Landing a giant bass during the coldest months of the year is easier than you think with these tried-and-true tactics.

How to Chase Winter's Leviathan Largemouths

Florida’s Sean Rush (left) is a master of live baiting. He uses live shiners to put clients on trophies like this one. (Photo courtesy of Sean Rush)

We've been conditioned to believe the spawning season represents our best shot at the bass of a lifetime, but there are reasons to believe winter could produce the biggest bass you'll ever have on the end of your line.

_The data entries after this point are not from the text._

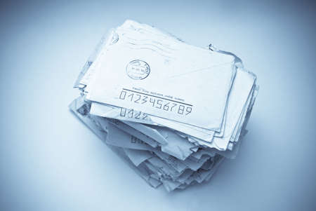A bunch of envelopes are stacked on top of each other. The envelopes are all different sizes and are scattered throughout the image. Scene is chaotic and disorganized
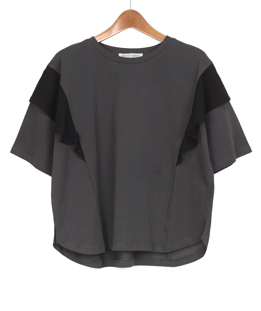 ■肩回りに異素材のフリル付き
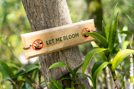 A plaque on a tree in the Maldives Let me bloom. Protecting the environment and rare plants from extinction.
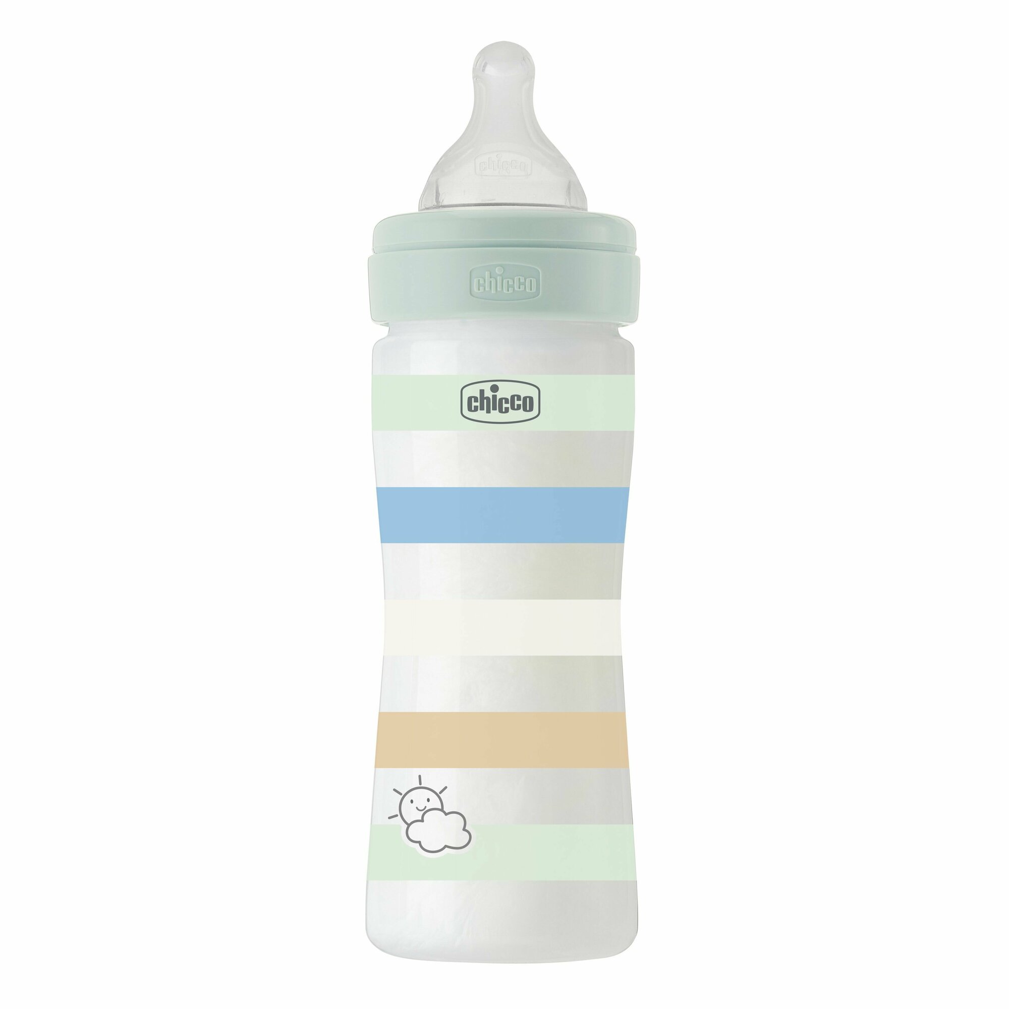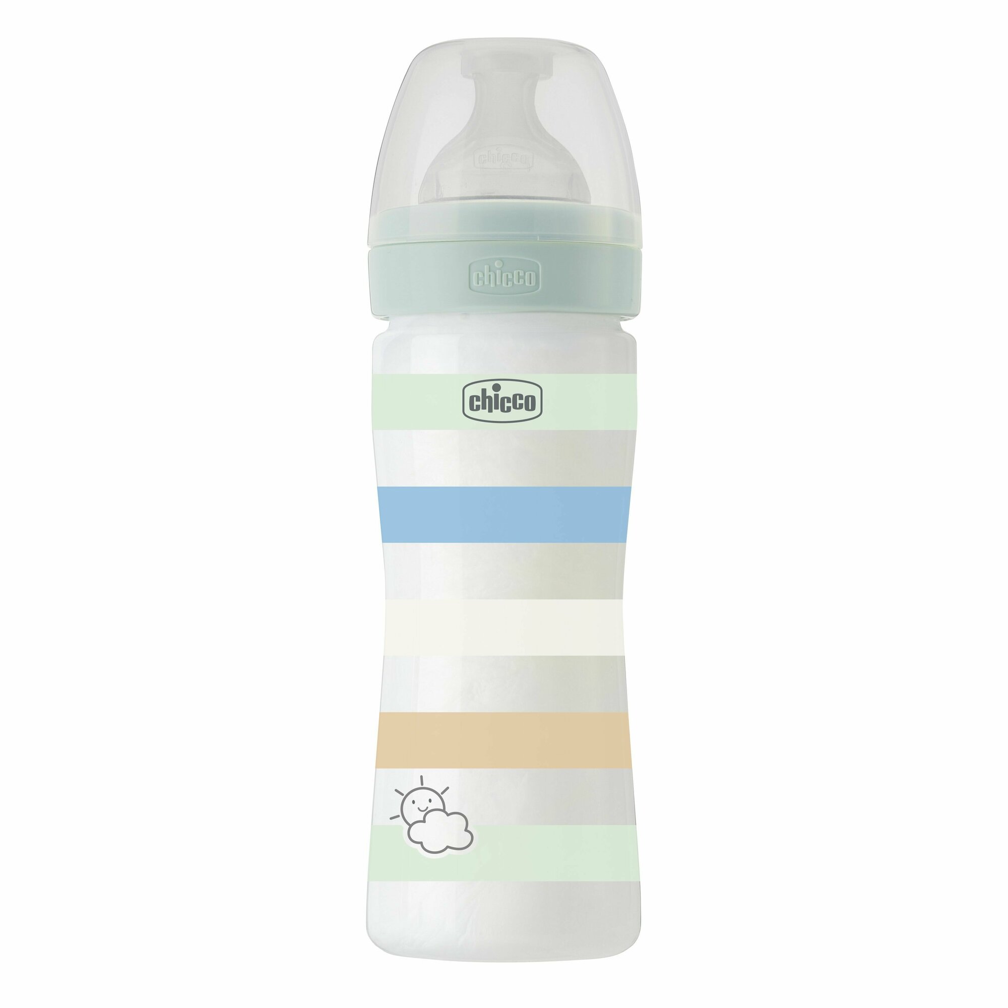 Купить Бутылочка для кормления CHICCO Well-Being Boy 2мес.+,сил.соска средн.поток,РР,250мл.,зеленая

For starters, there's less fishing pressure now. Plus, bass have been putting on their winter fat in preparation for the spawn, which is just around the corner.

So, what are you waiting for? Use these tips from three of the South's best trophy chasers this winter and go hook into the biggest largemouth of your life.

GO REAL

When a bass-fishing legend says an angler has "the best system for targeting big bass" he's ever seen, you pay attention. That's what Glen Lau, maker of the classic film Bigmouth, told me about Sean Rush.


Rush (floridatrophybass.com) has been a Central Florida bass guide since he was 17 years old, which was about 30 years ago. He and his clients have caught hundreds of largemouths weighing better than 10 pounds. He even has a "no fish-no pay" guarantee that he's never had to honor.


If you're serious about catching big bass—especially big bass in heavy vegetation—Rush believes live golden shiners will far outpace artificials.

"Golden shiners are God's perfect trophy bass bait," says Rush. "They're the right size, relatively easy to get, hearty on the end of a hook and lunkers love 'em."

Rush says shiners hold several advantages over other forms of live bait and top-producing bass lures. "First of all, they're what the bass actually want to eat," he says. "Second, you can put them in places you could never get an artificial. Third, they send out vibrations and other signals to the bass you can't duplicate with a lure. And finally, the shiner can send signals that will tell an angler a lot about the spot he's fishing. No other bait of any kind can do all that."

  • BIG BASS FACT: The golden shiner is considered the best big-bass bait by many. It’s hearty on the hook, and capable of being fished in and around thick vegetation. Giant bass can’t resist them.

On a guided trip, Rush starts the day with 8- to 14-dozen shiners ranging from 5 to 10 inches, and rigs them in three different ways.




In open water, he utilizes just a 4/0 Eagle Claw 084 hook and 2-inch Styrofoam float. He runs the hook through the upper back of the baitfish—just aft of the midpoint. The bait will swim near the top and draw attention by struggling near the surface.

His most common rigging method is "free-lining," in which uses the same 4/0 hook but runs it just in front of the anal fin on the underside of the shiner. By keeping the hook point underneath the shiner, he avoids hang-ups when the baitfish swims under a canopy of vegetation.

Finally, there are times when Rush trolls a shiner in order to cover more water. On those occasions he takes the same 4/0 hook and runs it up through the bottom lip of the shiner and out one of the baitfish's nostrils. This will keep it moving straight and looking natural when pulled behind the boat.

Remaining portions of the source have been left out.